Effective production planning and inventory management are critical components for manufacturing firms to optimize operational efficiency and profitability. Susmar Shoes Inc. operates in a competitive environment, producing three similar but distinct shoe types, facing fluctuating demand patterns, raw material costs, and capacity constraints. The core challenge lies in designing an integrated plan that balances production, raw material procurement, and capacity adjustments to maximize profit while maintaining customer satisfaction through timely deliveries.

This analysis applies principles of aggregate production planning, inventory management, and operations strategy to develop a comprehensive monthly plan for Susmar Shoes Inc. for the year 2011. The approach involves evaluating demand forecasts, cost parameters, capacity options, and production sequencing to determine optimal decisions regarding shifts, operating levels, raw material orders, and product mix. The goal is to produce in a cost-effective manner that maximizes revenue, minimizes inventory and penalty costs, and adapts flexibly to demand variations.

Demand Forecast and Pricing

The forecasted demand for 2011 is given monthly for each product (A, B, C), expressed in thousands of units. The selling price per unit is fixed at $17, with raw material costs at $6 per unit and additional supply costs at $1 per unit. Market demand fluctuations necessitate careful planning to avoid stockouts or excess inventory, both of which incur costs. The forecasted total demand varies monthly, requiring dynamic adjustments in production and procurement.
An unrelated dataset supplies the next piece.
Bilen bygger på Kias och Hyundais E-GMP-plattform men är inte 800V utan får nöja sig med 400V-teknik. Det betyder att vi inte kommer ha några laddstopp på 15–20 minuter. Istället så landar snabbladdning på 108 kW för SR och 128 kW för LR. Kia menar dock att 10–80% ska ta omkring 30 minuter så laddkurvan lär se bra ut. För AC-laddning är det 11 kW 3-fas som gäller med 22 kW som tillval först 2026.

Raw Material and Inventory Considerations

Each product consumes one unit of raw material, which initially totals 15,000 units in stock. Raw material procurement costs $6 per unit, with orders placed at the beginning of each month, with a lead time of one month. Raw material is received at the start of the following month, necessitating forecast-based ordering. Inventory carrying costs are $0.15 per unit per month for raw materials, and any leftover raw materials value at $6 per unit at month’s end. Finished goods inventory costs are $0.25 per unit per month, valued at $12 per unit at the end of the year.

Capacity and Production Constraints

Susmar Shoes can operate either one or two shifts per month. Capacity limits are 10,000 units in a single shift, which can be increased to 12,000 units with overtime, or to 19,000 units in a two-shift operation. Transitioning between shifts involves setup costs ($3,000-$4,000). Capacity adjustments are made in increments of 1,000 units at costs of $600 per thousand units changed, with implications for idle capacity costs ($250 per 1,000 units of unused capacity). The plant’s operating decisions, such as shifts and levels, must consider these costs and capacities to optimize the balance between production and demand.
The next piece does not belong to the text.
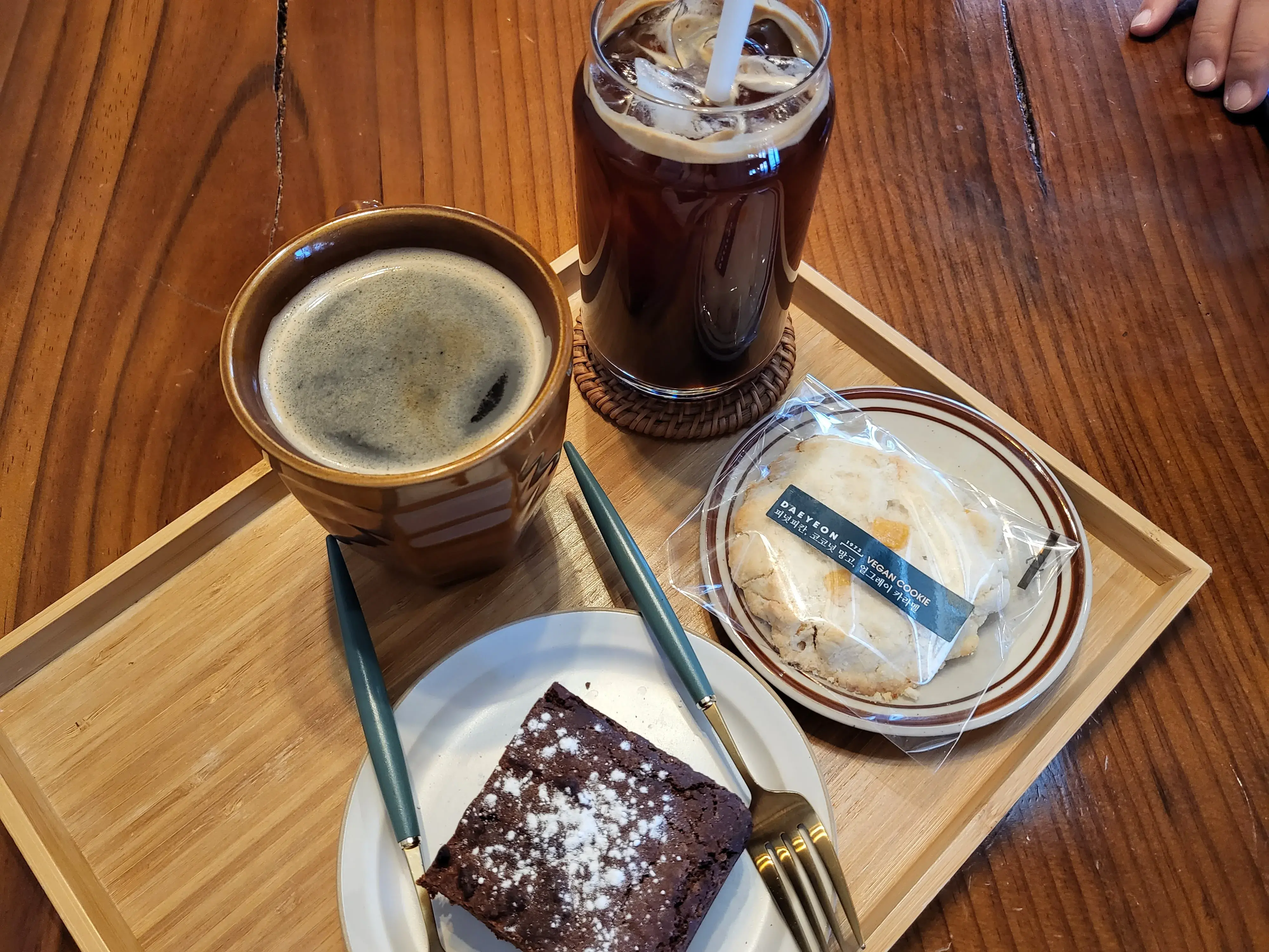 아메리카노 2, 비건 브라우니 1, 비건 쿠키 1을 주문했다

Operational Policies and Restrictions

Production of only one product at a time is permitted, with the production sequence influencing efficiency. Changes in production sequence incur setup costs of $900. The plant can operate from 7,000 units to higher levels depending on decisions about shifts and capacity adjustments. The existing operating level at December 2010 is 10,000 units in a single shift, with a production sequence of B-C-A. Production takes place throughout the month, with finished units delivered at month-end. Overtime costs are 50% higher than regular labor costs ($3.00 per unit).

Cost Structure and Revenue

The firm’s costs include raw materials, labor, overheads (200% of labor), setup, capacity changes, and inventory holding. Penalties of $1 per unit per month for late deliveries are applied for shortages. Revenue is earned from sales ($17 per unit), with rejected or late products incurring penalties or reduced profits. The analysis involves tracking costs and revenues monthly, with the objective to maximize total profit by the year's end.

Decision Variables and Planning Process

The primary decision variables include: number of shifts, operating level (in increments of 1,000 units), production quantities for each product, production sequence, raw material orders, and inventory levels. These decisions are interconnected; changes in capacity or sequence impact costs and ability to meet demand efficiently. A systematic approach involves defining these variables monthly, evaluating their cost implications, and selecting the combination that yields the highest cumulative profit.

Approach to Solution

The solution approach involves a combination of quantitative methods, including linear programming, simulation, and heuristic techniques. First, demand forecasts guide the production schedule, ensuring sufficient raw materials are ordered and capacity is aligned with projected needs. Next, sequence optimization minimizes setup costs and idle times. Adjustments to shifts and capacity tiers are made considering their costs and benefits. Inventory policies aim to balance holding costs against service level requirements. Throughout, costs and revenues are tracked monthly to evaluate the profitability of the plan.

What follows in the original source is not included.